Monday, September 03, 2012

The Pregnant Widow

Martin Amis has several children, and writes the kind of novels that make a reader beg the question:
"My God, Marty -- have your daughters read this one?" Because they are ribald things.
[The novels, I mean].
Crasser than crass.
Sex, sex, sex -- characters endlessly engaged in one manner of progfligatry [<-- should be a word] or another. Everyone with their wild sides exposed.

Brave-living anti-hero protagonists stretching the boundaries ["What boundaries?" Amis might ask…] of normalcy.
Anyhoo -- I just finished Amis's [2010] novel The Pregnant Widow, and he was true to form. I've read three previous Amis novels, and this one I liked the best.
So, to those critics who claim that Amis is losing some of his verve and excellence as time's arrow [not to mention the cigarette smoke] shoots him full of wrinkles, I disagree. This one was a real whippersnapper.

The year is 1970, and a group of 20-somethings are vacationing in a castle in Italy.
[I know -- we all did this, right?] Never mind -- it works, here.
Keith Nearing, housed in a room with his somewhat lacklustre girlfriend Lily, soon finds himself profoundly enamoured with a rapturous blonde vixen, appropriately named Scheherazade. She is separated from him only by an adjoining communal bathroom, and the topless sessions at the pool become a bit much for him.
As one astute reviewer put it, "Keith wants to have his Kate and Edith, too!"
Keep in mind that, given the lull between the last two World Wars [21 years]… this burgeoning generation were feeling that any time now they, too, were about due to be sent off to die in Another One. The time was ripe -- 25 years since the last great armistice. Sex now, or death tomorrow!
The Sexual Revolution© was in high gear.

The neat thing about Martin Amis is that he is not only racy and steamy and buttocks amok! He does write a thinking-person's novel!
Throughout the thing, he outlines and illustrates the four major tenets of the Sexual Revolution:
1) There will be sex before marriage.
2) Women, also, have carnal appetites.
3) Surface will start tending to supersede essence.
4) A dissociation of sensibility.

Having said all of the above, which is not much at all, I must add that The Pregnant Widow does not sensationalize the sex act.
Scenes in which sex takes place are actually downplayed, and the effects, emphasized.
For details about how-people-are-doing-sex, a reader desiring such things will have to stick with Fifty Shades of Grey, and similar ilk.
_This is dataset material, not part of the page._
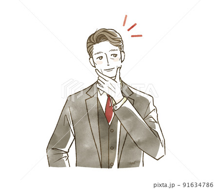 若い男性 上半身 ベクターイラスト / 話を聞く・納得する

As I said, this is, as are all of Amis's books, more of an intellectually stimulating piece.
Rife with allusions to poetry and literature, issues far deeper than meet the surface -- and yet with boobs and man-parts all over the place, making their cameo appearances in all their jiggly craziness.
This is his oeuvre! His niche!
Starting with the flush and ripeness of youth, but finishing up with the fifty shades of grey -- as in, where all of that takes us.

Just two nights ago -- I saw Amis's brand new novel on the shelf in a bookstore.
It's called Lionel Asbo: State of England. 
I opened to the dedication page and saw there the words, "To Christopher Hitchens."
At the time, that alone almost compelled me to buy it.
But now, having finished this, his previous work -- I have all the more reason to take his new one up to the cashier.

The guy's on an upswing!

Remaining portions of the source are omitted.